House debates

Monday, 19 August 2024

Private Members' Business

Small Business

5:44 pm

Photo of Pat ConaghanPat Conaghan (Cowper, National Party, Shadow Assistant Minister for Social Services) Share this | Hansard source

I'm happy to rise to speak to this motion by the member for Casey. For those listening at home, it in effect says that Australian small businesses are at breaking point and have been failed by this government. It points out that, in my state of New South Wales alone, 4,635 businesses have closed over the last 12 months, and that this government, the Labor-Green-teal government, is now the worst government on record for Australian businesses, having surpassed the 10,757 businesses collapsing under the government of 2011-12.

It gives me no joy to speak about this, having been in business myself for 16 years and knowing how tough business is. I remember going through the GFC in 2008 and 2009, paying my employees, paying rent which was nothing like rents these days, paying electricity bills which were nothing like electricity bills these days and going home and saying to my wife—and this is a true story—'We don't have any money this fortnight; this is really tough.' I look back on those days, and they are nothing like now.

Last Saturday I went into a local coffee shop, which people in the metropolitan areas would call a hole in the wall. It's got a fridge. It's got a coffee machine. It's got lights. I spoke to the owner. I said, 'How are things going?' and she said, 'My electricity bill went from $4,000 a quarter to $6,000 a quarter,' for a hole in the wall in Maxwell. She's got employees—and she's saying the same thing about the butcher around the corner. But I guess she's lucky. She's getting through and still coping because she has a very strong, established business.

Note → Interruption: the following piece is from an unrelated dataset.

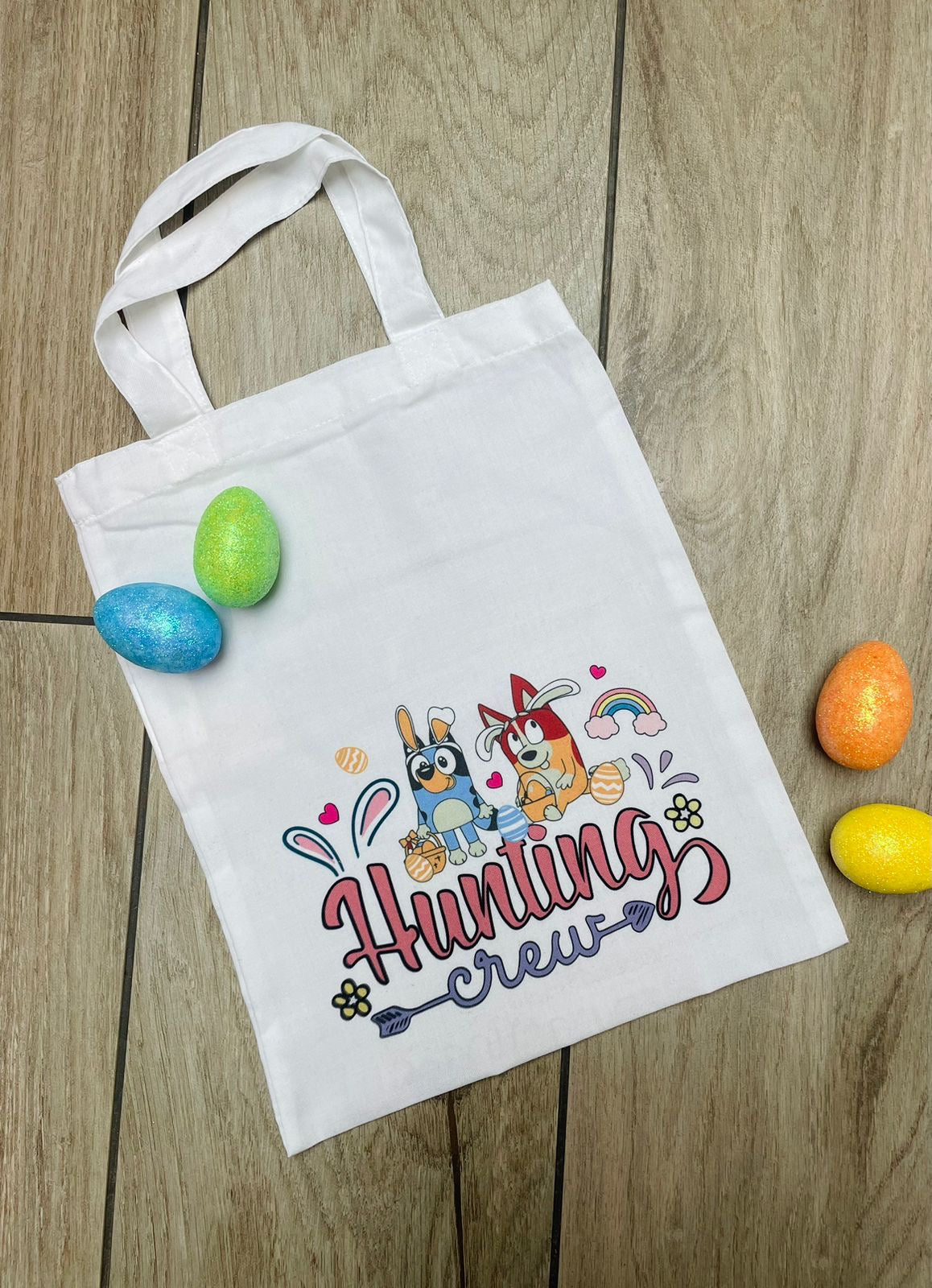 This Personalised Bluey Hunting Crew Easter bag is perfect for your Easter egg hunt. Made with high-quality materials, it will keep your treats safe while adding an adorable touch to your festivities. With its unique personalization feature, it also makes for a special and thoughtful gift for your loved ones.

There are other businesses out there, like Wicked Elf Beer in Port Macquarie, who'd been around for a decade. They closed their doors as a direct result of this government's rush to renewables and energy policy. After 10 years they shut the door because their electricity bill was higher than their rental bill. This was a brewery eight times—10 times—the size of this room, and they had to shut down. People lost their jobs.

When we come into this room and talk about what the government is doing, there's actually human emotion at stake. These people have families and children that go to schools in the local areas. Then the government implements industrial relations laws that allow union representatives to come into your workplace and tie you up in knots on a suspicion—not a reasonable suspicion, just a suspicion—that you might not be doing the right thing. Even through 12 years in the police, I had to have a reasonable suspicion to stop somebody or talk to somebody. They can walk in and tie business owners up in knots. Those people—those mums and dads or generational businesses—don't have the money for lawyers, so they have to spend hundreds of hours wasting time rather than getting on with business. There is no doubt that the reason we are seeing these statistics of closures in record numbers—you've seen in the construction industry alone a 111 per cent increase in the closure of construction companies—is a direct result of the poor policies of Labor, the Greens and the teals, who don't understand business.

The Treasurer himself—and I do not believe that he had the gall to say this—said he lasted six long, long months in private industry. What an insult to private industry and small business, who are the backbone of our economies, particularly in regional and rural areas. The Treasurer should hang his head in shame, and the government should hang their head in shame for what they've done to small business.